A general methodology to measure the LHCE of solid materials

Light-to-heat conversion has been intensively investigated due to the potential applications including photothermal therapy and solar energy harvesting. Light-to-heat conversion efficiency (LHCE) is the most important figure of merit for evaluating photothermal materials, such as organic molecules, carbon-based materials and nanocrystals. Based on the heat balance equation, a few methodologies have been successfully developed to measure LHCE of colloidal nanocrystal solution. Although, these methods have been further improved by other researchers, the accuracy is still on debate due to overestimation of the mass term of measurement system as well as the imprecision fitting of heat dissipation coefficient. In addition, most of the reported methodologies are limited to colloidal solutions.

In a new paper published in Light Science & Application, Kai GU and Haizheng ZHONG from Beijing Institute of Technology have developed a general methodology to measure the LHCE of solid materials. They proposed a photothermal and electrothermal equivalence (PEE) method that simulates the laser heating process with electric heating process. In electrothermal measurement, the heat dissipation coefficient of the sample can be derived under a known electric power by performing a linear fitting at thermal equilibrium. In photothermal measurement, the maximum temperature change of the sample is monitored under laser heating to calculate the LHCE. The versatility of the PEE method was investigated for various organic and inorganic photothermal materials, including Au nanorods, graphene and PbSe nanocrystals, etc.

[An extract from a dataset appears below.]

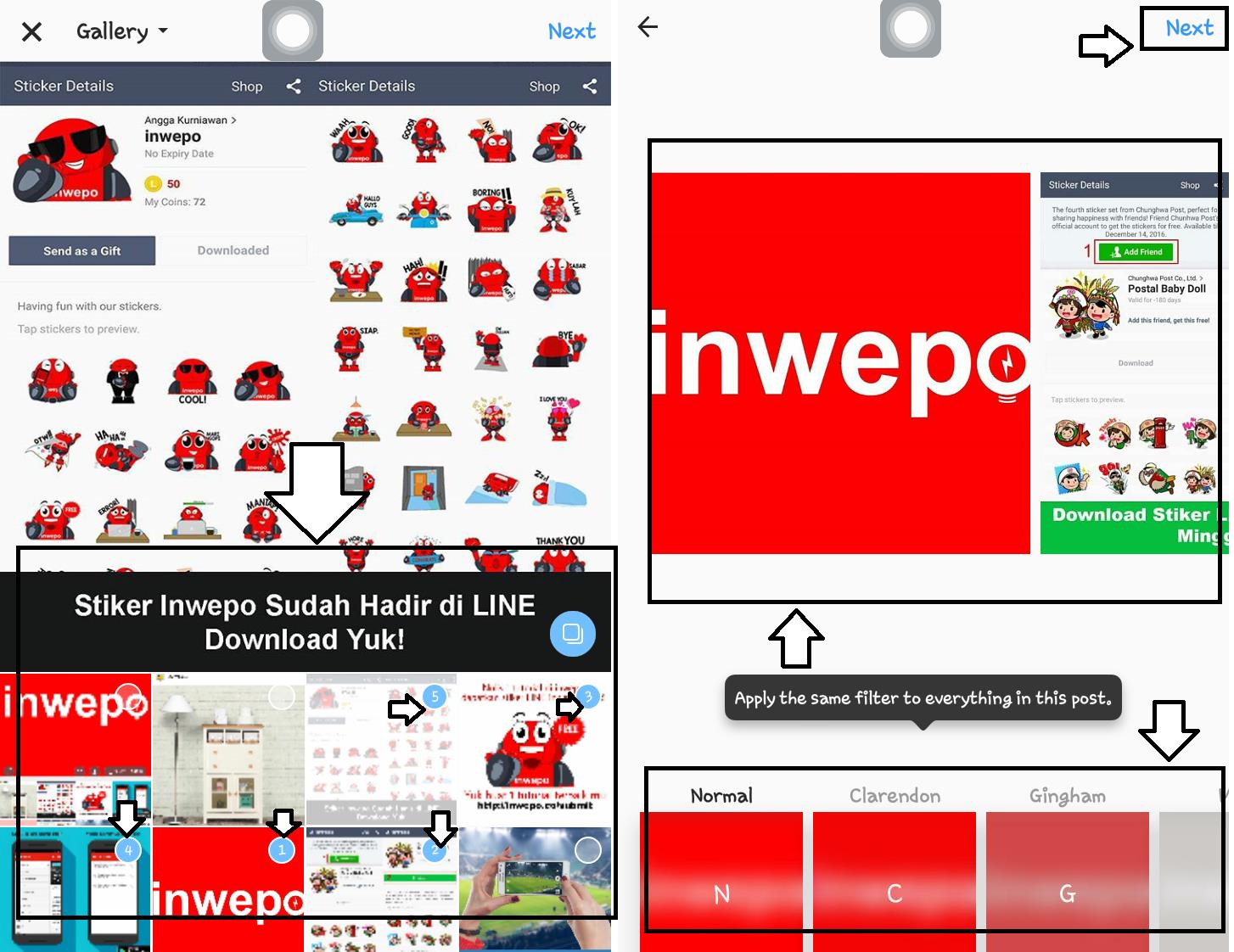 6. Pada tahap ini anda juga anda hanya bisa menambahkan filter yang sama untuk semua gambar, dan jika anda ingin meilhat gambar cukup dengan swipe ke kanan.Tap next untuk melanjutkan ketahap berikutnya.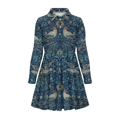 HOT ! Floral Print Long Sleeve Polo Dress for Girls Flowy A Line Midi Swing Pleated Dresses for School,Playing,Holiday

Furthermore, they discussed the error and reliability of the PEE method and deviations from assumptions to demonstrate the advantages of the PEE method.

The PEE method consists of two steps: electrothermal measurement (Module I) and photothermal measurement (Module II), as shown in Fig.1. Electrothermal measurement was accomplished by determining the temperature increase of the sample on a resistor using a thermographic camera (TGC). Similarly, photothermal measurement was accomplished by determining temperature increase of the sample under laser heating. By plotting the curve of temperature evolution versus time (Fig. 1a and 1b), the maximum temperature change can be obtained by monitoring the average temperature using TGC (Fig. 1c). Heat dissipation coefficient of the sample can be derived by linearly fitting the plots of the maximum temperature change and the input power of electric heating (Fig. 1d). With the considerations of light absorbance and heat dissipation coefficient, the LHCE of the sample can be derived from the equation in Fig. 1 using heat balance equation. To demonstrate the applicability of the PEE method, we measured the LHCE of Au nanorods, PbSe nanocrystals, Cu₂Se nanocrystals, multi-walled carbon nanotube (MWCN), graphene oxide (GO), graphene and polyaniline (PANI), as shown in Fig.1e. Details of the error and assumption analysis can be found in the paper.

In summary, we have developed a robust and reliable method to measure the LHCE of solid materials, which have potential to promote the fundamental research of advanced photothermal materials.